Goal of the exercise. Would you print the lines below exactly, beginning at the line that has "బంజారాహిల్స్/ఉస్మానియా యూనివర్సిటీ, జనవరి" and stopping after the line that has "我的小小烤箱, 只能烤6個小麵包...., 每一個麵包都擦上蛋黃汁液, 再隨意撒了些黑芝麻!!!"? Only those lines, and no pictures.

Provided records.
====================

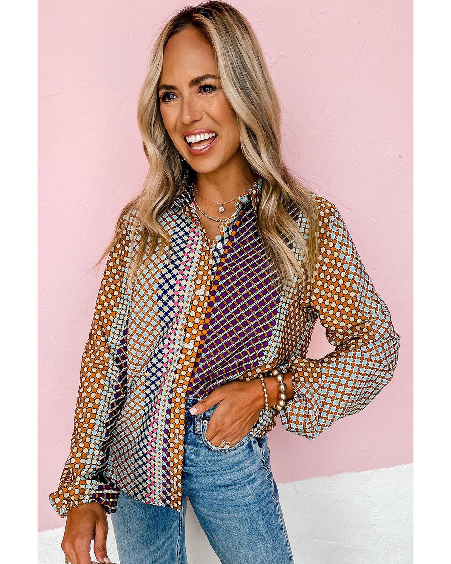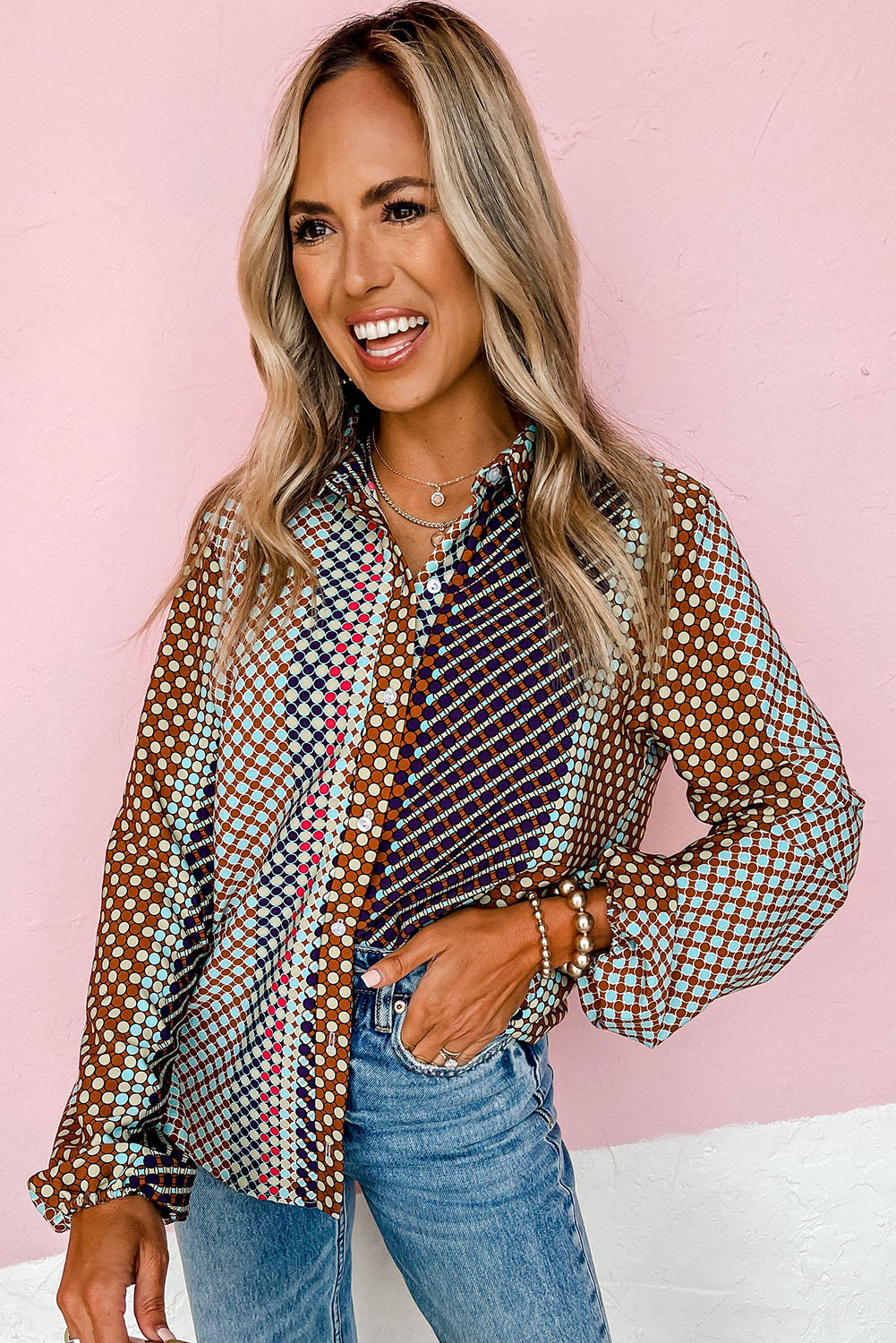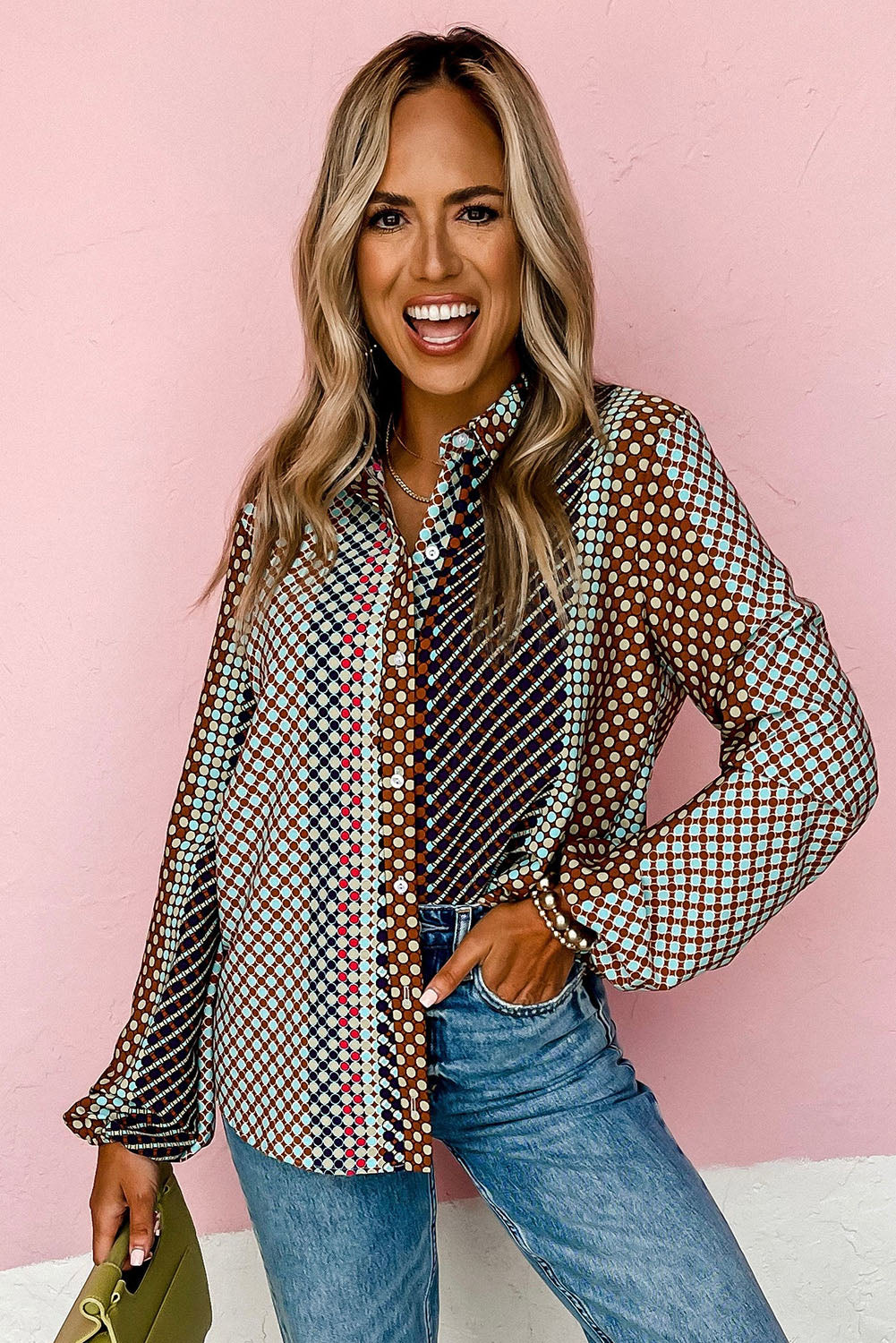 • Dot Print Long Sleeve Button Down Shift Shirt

====================

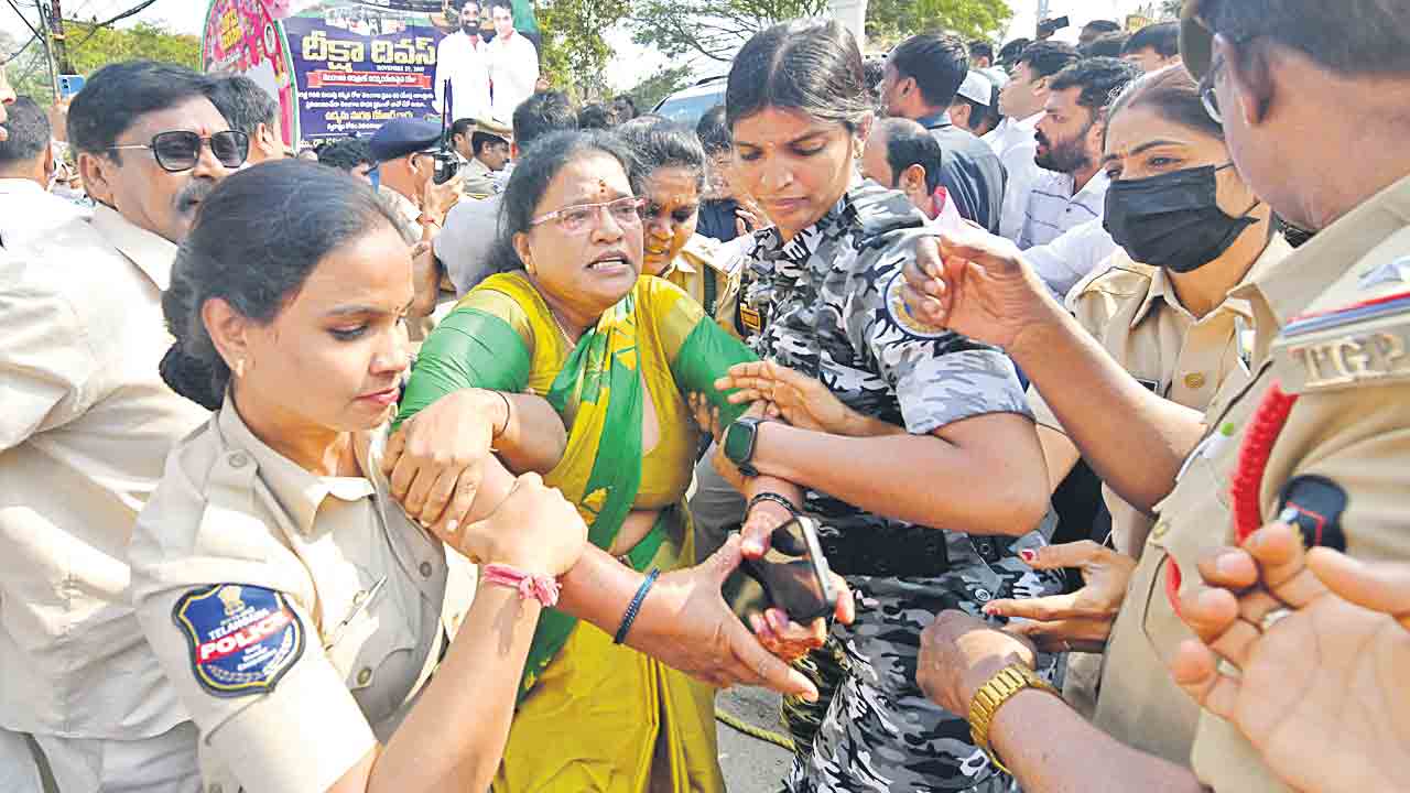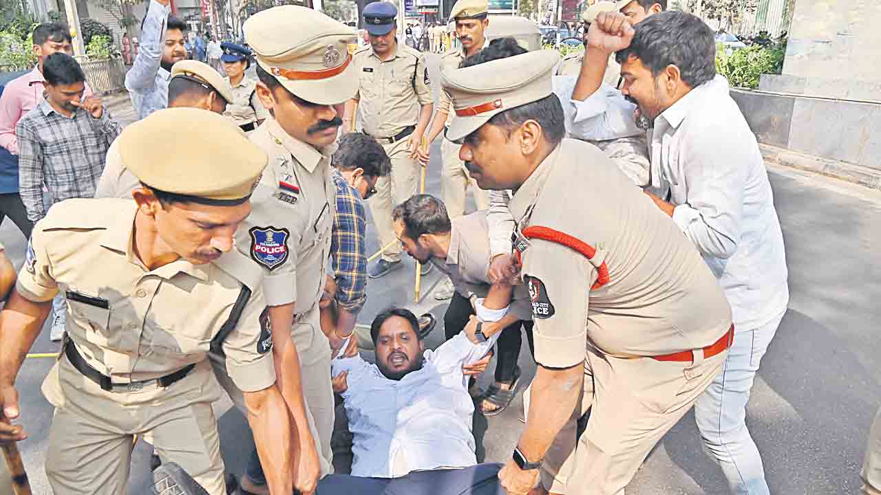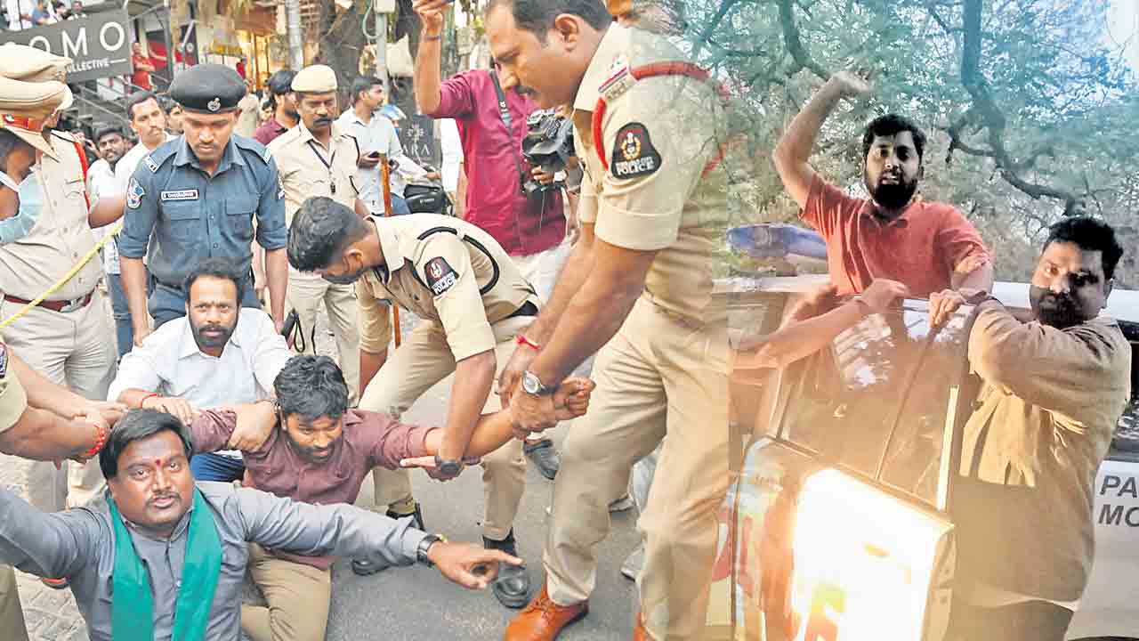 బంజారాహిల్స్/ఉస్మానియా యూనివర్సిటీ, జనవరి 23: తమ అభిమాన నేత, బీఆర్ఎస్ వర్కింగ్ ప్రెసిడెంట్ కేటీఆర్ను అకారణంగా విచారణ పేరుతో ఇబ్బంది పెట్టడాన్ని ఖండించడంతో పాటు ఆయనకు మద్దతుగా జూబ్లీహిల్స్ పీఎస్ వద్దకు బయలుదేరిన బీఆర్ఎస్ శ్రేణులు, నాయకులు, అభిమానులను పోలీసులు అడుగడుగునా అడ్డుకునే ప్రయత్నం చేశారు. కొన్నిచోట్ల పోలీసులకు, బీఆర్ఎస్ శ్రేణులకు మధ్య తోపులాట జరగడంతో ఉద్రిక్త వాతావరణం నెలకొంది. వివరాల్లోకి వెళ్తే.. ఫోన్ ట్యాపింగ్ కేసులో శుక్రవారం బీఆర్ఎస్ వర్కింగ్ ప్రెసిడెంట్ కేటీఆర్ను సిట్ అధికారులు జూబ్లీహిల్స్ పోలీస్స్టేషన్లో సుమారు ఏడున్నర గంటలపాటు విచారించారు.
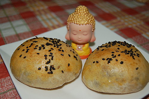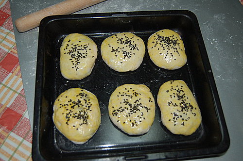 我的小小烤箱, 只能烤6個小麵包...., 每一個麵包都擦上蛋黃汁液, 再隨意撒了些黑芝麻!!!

====================

Exercise output.
 బంజారాహిల్స్/ఉస్మానియా యూనివర్సిటీ, జనవరి 23: తమ అభిమాన నేత, బీఆర్ఎస్ వర్కింగ్ ప్రెసిడెంట్ కేటీఆర్ను అకారణంగా విచారణ పేరుతో ఇబ్బంది పెట్టడాన్ని ఖండించడంతో పాటు ఆయనకు మద్దతుగా జూబ్లీహిల్స్ పీఎస్ వద్దకు బయలుదేరిన బీఆర్ఎస్ శ్రేణులు, నాయకులు, అభిమానులను పోలీసులు అడుగడుగునా అడ్డుకునే ప్రయత్నం చేశారు. కొన్నిచోట్ల పోలీసులకు, బీఆర్ఎస్ శ్రేణులకు మధ్య తోపులాట జరగడంతో ఉద్రిక్త వాతావరణం నెలకొంది. వివరాల్లోకి వెళ్తే.. ఫోన్ ట్యాపింగ్ కేసులో శుక్రవారం బీఆర్ఎస్ వర్కింగ్ ప్రెసిడెంట్ కేటీఆర్ను సిట్ అధికారులు జూబ్లీహిల్స్ పోలీస్స్టేషన్లో సుమారు ఏడున్నర గంటలపాటు విచారించారు.
 我的小小烤箱, 只能烤6個小麵包...., 每一個麵包都擦上蛋黃汁液, 再隨意撒了些黑芝麻!!!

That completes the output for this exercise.